I love nothing more than sitting in an intimate setting with a loved one, having a heart to heart conversations on all the waves and stages of life. I did exactly that a few weeks ago with my dear friend Lisa O’Connor, who is also the woman behind A RADIANT LIFE podcast. Stay tuned for her next couple of days as our episode drops right here
My boyfriend and I had a rare full-day in bed (due to his slipped disk) and we both felt like watching something soothing and inspiring for the soul. Buddhist Zen Master Thich Nhat Hanh was not only the mind and heart behind what intial became the mindful movement, he was also a rebel and a peaceful warrior. He was amongst some of the first monks to learn English as he saw the need for transmitting this sacred teaching to a part of the world that needed it so badly: The West. It’s a moving and beautiful documentary about life, joy, suffering, love and the medicine of laughter. It’s a reminder that changemakers and rebels come in all expressions of life. And we all have the change to impact the world a little (or a lot more) lovingly, when we turn inwards and answer according to our hearts.

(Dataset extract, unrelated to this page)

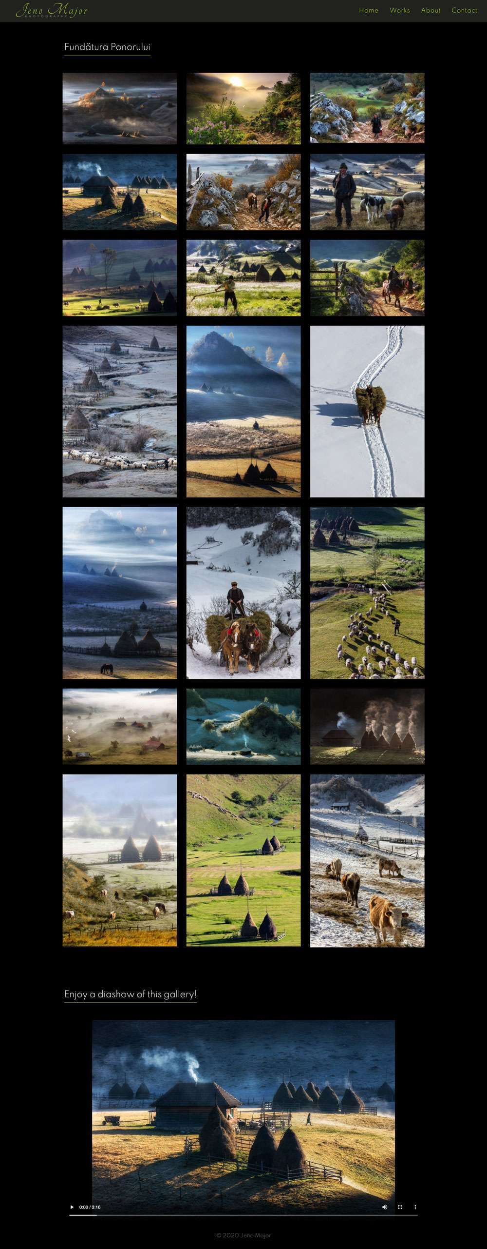 Das ist die Webseite des erfolgreichen und renommierten Fotografen Jeno Major aus Rumänien! Es ist mir eine Ehre, dass er mir vertraut hat, ihm dabei zu helfen, eine Website zu erstellen, auf der seine atemberaubenden Landschafts- und ethnografischen Fotos präsentiert werden. Seine Arbeit hat die Essenz der Rohheit und unberührter Schönheit um uns herum eingefangen. Mein Ziel war es, eine Plattform zu schaffen, auf der sein beeindruckendes Portfolio in einem eleganten Design hervorgehoben wird. Diese Website sollte nicht nur ein Ort sein, wo man seine fotografischen Fähigkeiten bewundern kann, sondern sie sollte auch mit einem Online-Shop verbunden sein, in dem Sie Fotos kaufen und ein Stück seines Talents in Ihr Zuhause bringen können. Begleiten Sie mich auf dieser Reise, während ich dieses Projekt zum Leben erweckt habe.

Last month I went on about my new night routine. All these years I’ve been about my morning routine: my morning coffee, my morning practice, my morning pages. I found myself a little restless at night, and felt a need to do something ritualistic to close off the day in a calm manner. Also, I’m really all about making life a little more #spa. Nurtue Vitaviva sent me their trifecta of supplements that are created to soothe stress and overall health in the body/mind. I’ve instantly added all their supplements to my routine, but found myself especially excited about their Be sleepful supplements with all natural ingredients and herbs including hops and valerina, these cuties won’t knock you out but gently help your body chill and adapt before entering dreamland.

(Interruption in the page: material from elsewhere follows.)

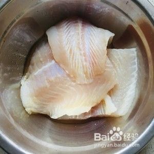 鱼排洗净切成三块加入适量盐和料酒腌制半小时。

As I mentioned I’m back in love with my daily practice. It’s been a little quiet over at The Practice. This Spring was a deep integration of all the work, internally and externally, I’ve done the past year. I needed to let everything land in its own time/space and not force anything for the sake of “to-do’s” To me that’s always the most magnetic way of working because each creation has a life and a will of its own, and when we give it time, it’ll communicate with us; clearly. And so did The Practice. A few days ago we released a new practice: INTERSTELLAR VISION AND WISDOM and it has quickly turned into one of my favorites practices ever. It’s soothing, it’s energizing, it’s mystical, it’s inspiring. I’m so excited to hear what interstellar insights, visions and wisdoms you receive through this practice.